(Beginning of Data provided)

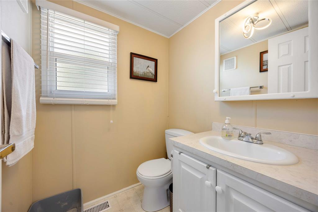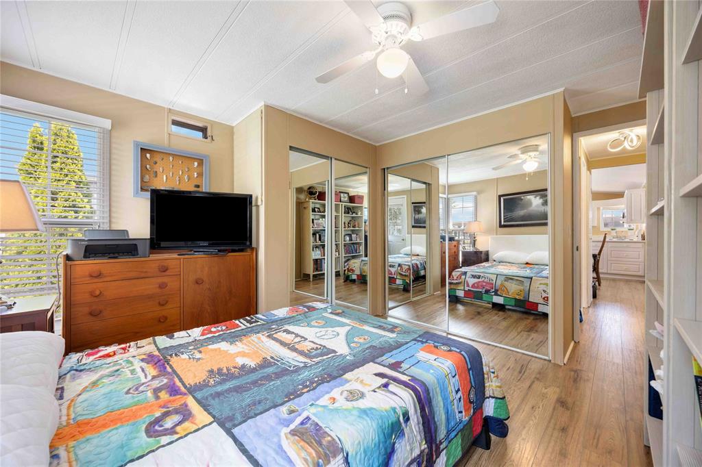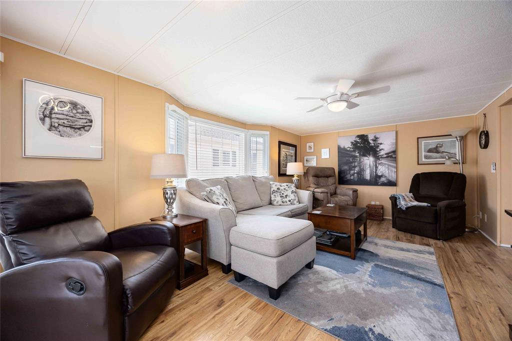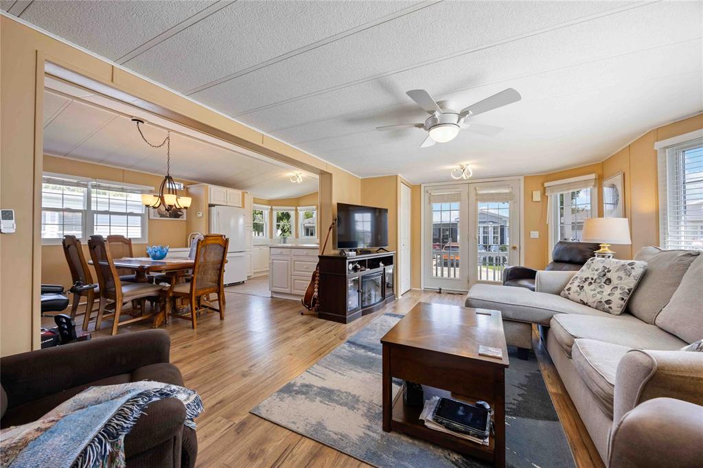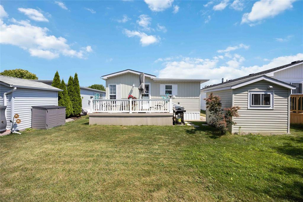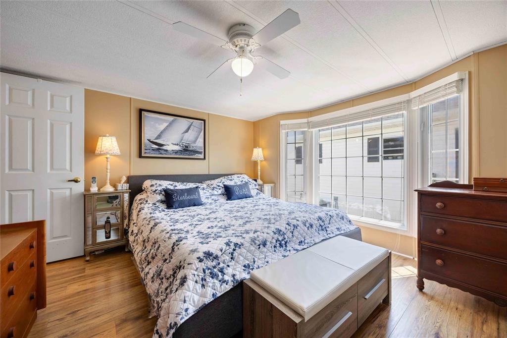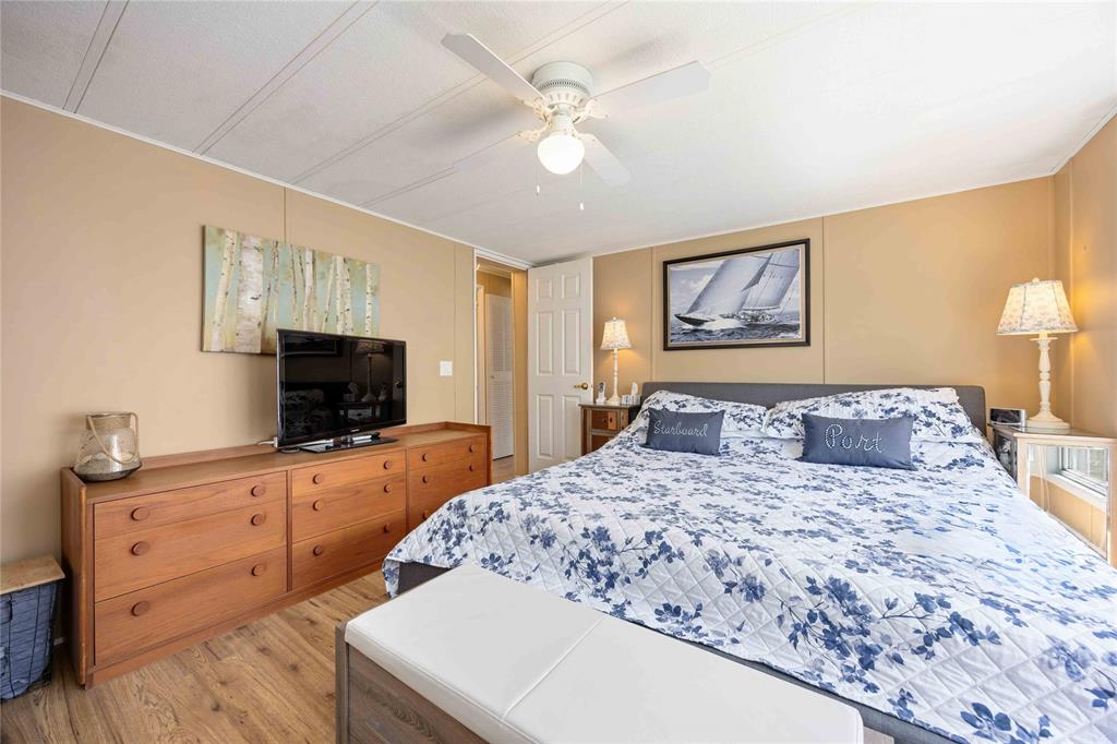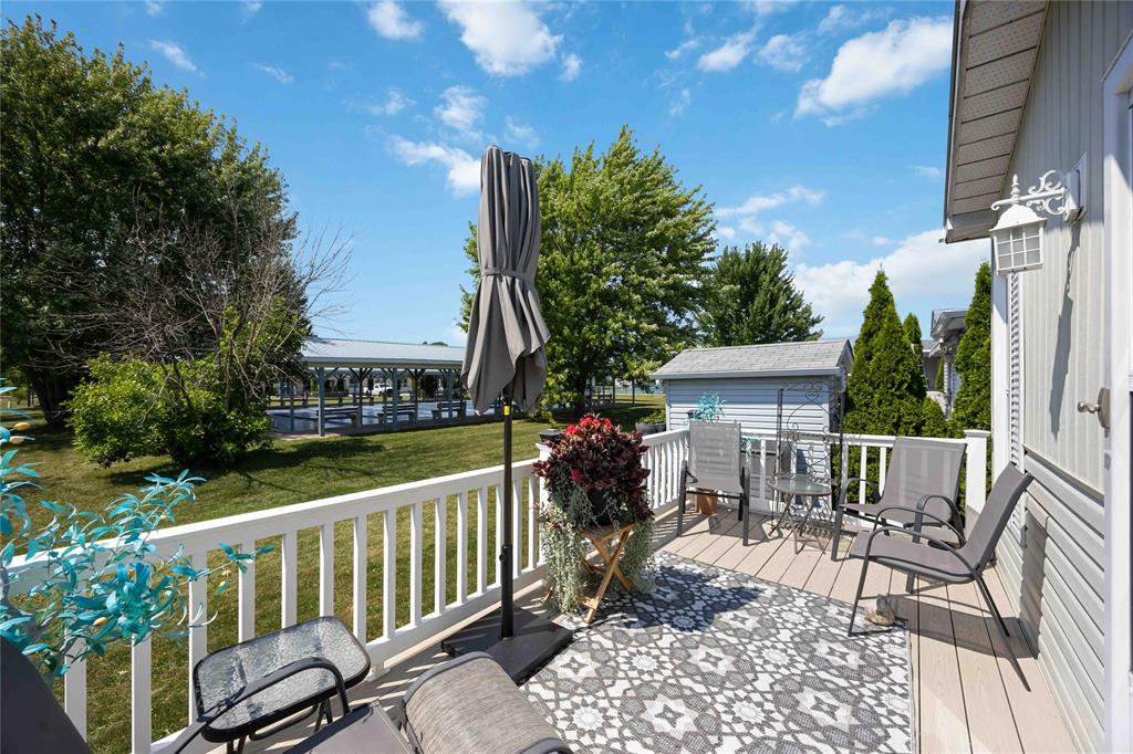 This open concept, 2 bedroom 1.5 bath home is move-in ready and in a prime location! Close to the 12,000 sq ft club house featuring an indoor pool, gym, library, billiards room, and rec hall with kitchen. Steps from your back deck, you'll find bocce courts, horseshoe pits, shuffleboard, and newly refinished pickleball/tennis courts. This home offers newer laminate flooring throughout, an updated kitchen with newer countertops, and a new c/air unit installed in 2023. Plenty of space to entertain with open concept living room and dining room. Primary bedroom has ensuite and walk-in closet. Second bedroom walks out to a private deck with no homes behind you! A wonderful, turn-key, controlled entrance, adult-only community! A pleasure to show. Bluewater Country: the grown-ups-only paradise where living is as breezy as a beach day, with everything ready to go so you can kick back and enjoy life!
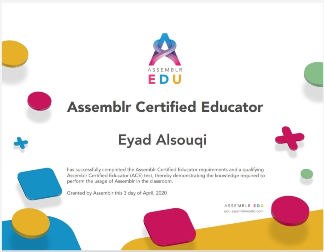 جنين-الحياة الجديدة-حصل الأستاذ إياد أحمد السوقي من جنين على شهادة المعلم المبتكر التي تمنحها منصة الابداع والابتكار العالمية المتخصصة في الواقع المعزز والافتراضي (Assemblr EDU)..
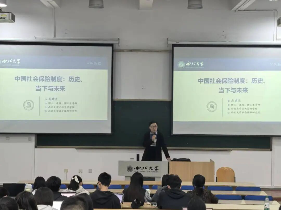 2025年10月15日晚19:00,西北大学公共管理学院聂建亮教授在多媒体教室为我院2025级全体硕士研究生作了题为“中国社会保险制度:历史、当下与未来”的专题讲座。
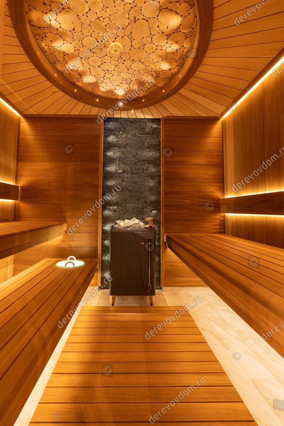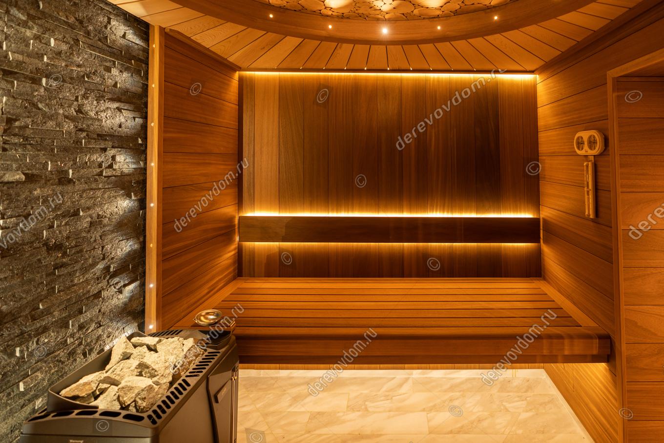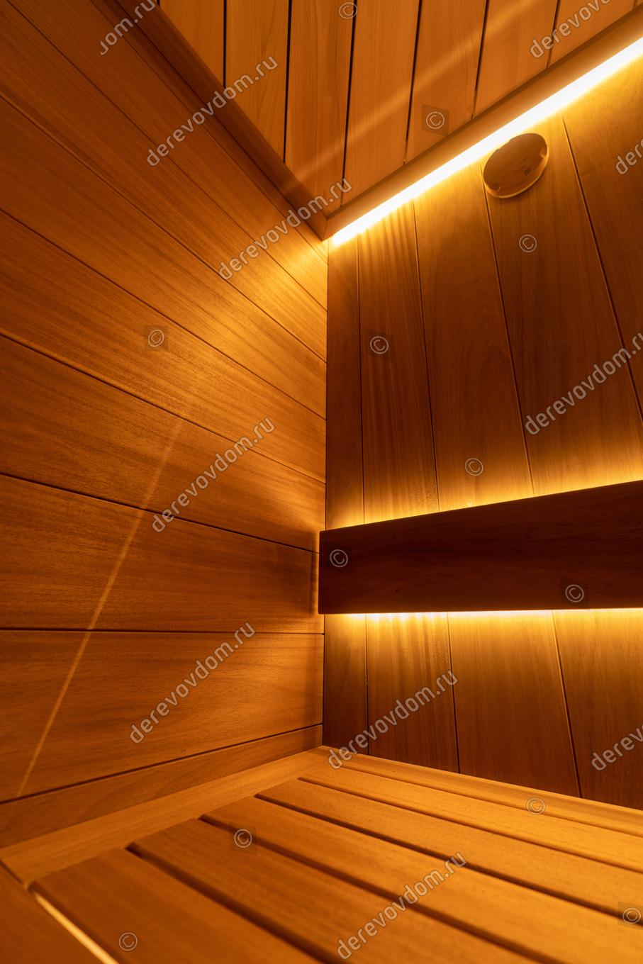 Стены сауны изготовлены из термообработанной вагонки абаши шириной 190 мм. Этот материал не только красив, но и долговечен, устойчив к воздействию влаги и высоких температур.
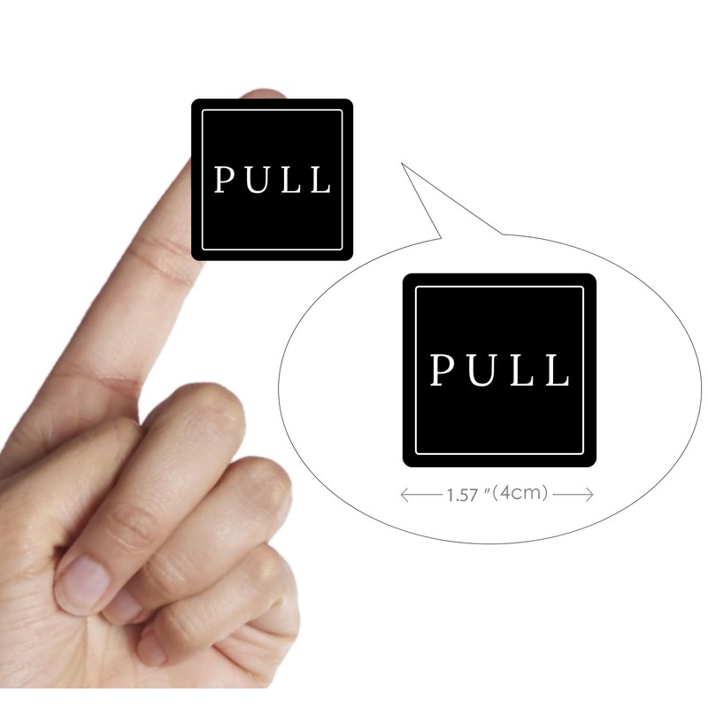 • Each sticker measures 4x4 cm (approximately 1.57x1.57 inches). Every sheet contains 2 sets of 'PULL' and 'PUSH' stickers, with a total of 4 sheets in each pack.

(End of Data provided)

> **Work to be completed**
Please reproduce, exactly and only, the lines from the line containing "Стены сауны изготовлены" through the last line of the material above, minus any pictures.

> **Output for this task**
 Стены сауны изготовлены из термообработанной вагонки абаши шириной 190 мм. Этот материал не только красив, но и долговечен, устойчив к воздействию влаги и высоких температур.
 • Each sticker measures 4x4 cm (approximately 1.57x1.57 inches). Every sheet contains 2 sets of 'PULL' and 'PUSH' stickers, with a total of 4 sheets in each pack.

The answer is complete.